# Pandas

Pandas is a library used for data analysis and works with CSV, excel, JSON and SQL.

Pandas uses datadrames for handling data. A dataframe (df) is build as a dictionary, with column headers as keys and all the entries in that column as a list-value for that key. This makes it easy to select and extract specific columns. 

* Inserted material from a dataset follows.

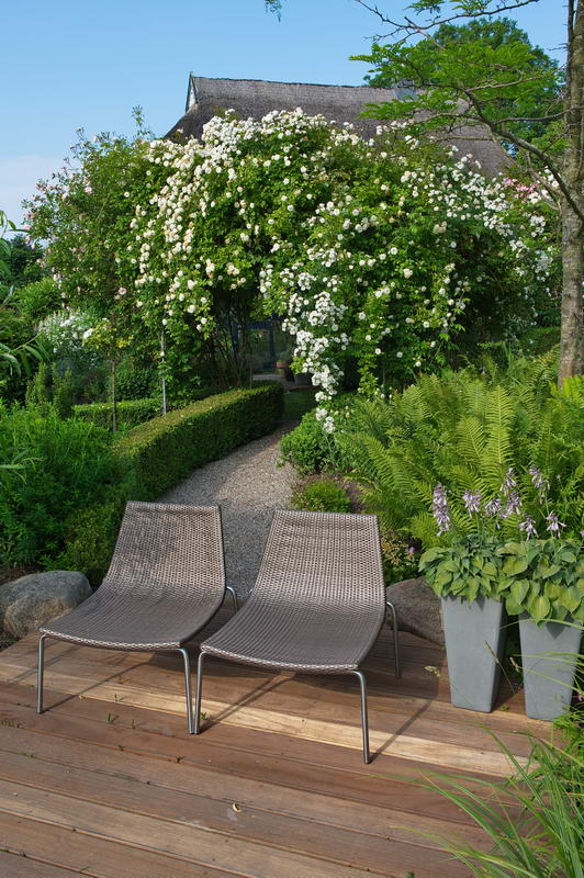 - Garten Fenna Graf, Gartenstühle, Holz, Hosta, Kübel, Paar, Rosenbogen, Terrasse

To show what pandas can do, I will first create a small sample dataset, then use a dataset of historical US weather by the DataJournalism media site fivethirtyeight.

## Creating dataframes

In [21]:
#Import the pandas library
import pandas as pd

#Create a dataframe
df = pd.DataFrame(
[['Jim','Male',23],
['Joe','Male',21],
['Jess','Female',22]],
index=[1, 2, 3])
    
df

Unnamed: 0,0,1,2
1,Jim,Male,23
2,Joe,Male,21
3,Jess,Female,22


In [22]:
#Add headers
headers = ['name','gender','age']
df.columns = headers

df

Unnamed: 0,name,gender,age
1,Jim,Male,23
2,Joe,Male,21
3,Jess,Female,22


## Exploring the data

You should check the datatypes, to make sure they are correct. Some datatypes in pandas are object (string), int64 (int), float64 (float) and timedate.

In [23]:
#To check data-types
df.dtypes #returns a list of headers and datatypes

name      object
gender    object
age        int64
dtype: object

In [24]:
#Returning unique values in the column 'name'
df['name'].unique()

array(['Jim', 'Joe', 'Jess'], dtype=object)

In [25]:
#Statistical summary: Returns count, uniques, mean, std dev, max, min, quartiles
df.describe(include='all')

Unnamed: 0,name,gender,age
count,3,3,3.0
unique,3,2,
top,Jim,Male,
freq,1,2,
mean,,,22.0
std,,,1.0
min,,,21.0
25%,,,21.5
50%,,,22.0
75%,,,22.5


In [None]:
#Shows top and bottom 30 rows of dataframe
df.info()

In [27]:
#Calculate the mean of the column age
mean = df['age'].mean()
mean

22.0

## Selecting data

In [28]:
#Extracting only rows with people above 21 and placing them in a new dataframe
df1=df[df['age']>21]
df1

Unnamed: 0,name,gender,age
1,Jim,Male,23
3,Jess,Female,22


#### Using loc and iloc 
There are three ways to select data from a data frame in Pandas: loc, iloc, and ix. 

**loc**<br>
loc is primarily label based; when two arguments are used, you use column headers and row indexes to select the data you want. loc can also take an integer as a row or column number.

**iloc** <br>
iloc is integer-based. You use column numbers and row numbers to get rows or columns at particular positions in the data frame. 

In [33]:
# Access row 1 in the column age:
df.loc[[1],['age']]

Unnamed: 0,age
1,23


## Import data from a file

In [54]:
#Import the pandas library
import pandas as pd

#Read a CSV-file. 
#The default is first row = headers, but if you don't have headers, add header=None after the filename
#If your data is separated by something other than commas, use something like sep=';' (if it's ; as a separator)
df = pd.read_csv('https://raw.githubusercontent.com/fivethirtyeight/data/master/us-weather-history/KCLT.csv')
df.head() #returns the first five rows (to check whether it is correctly loaded)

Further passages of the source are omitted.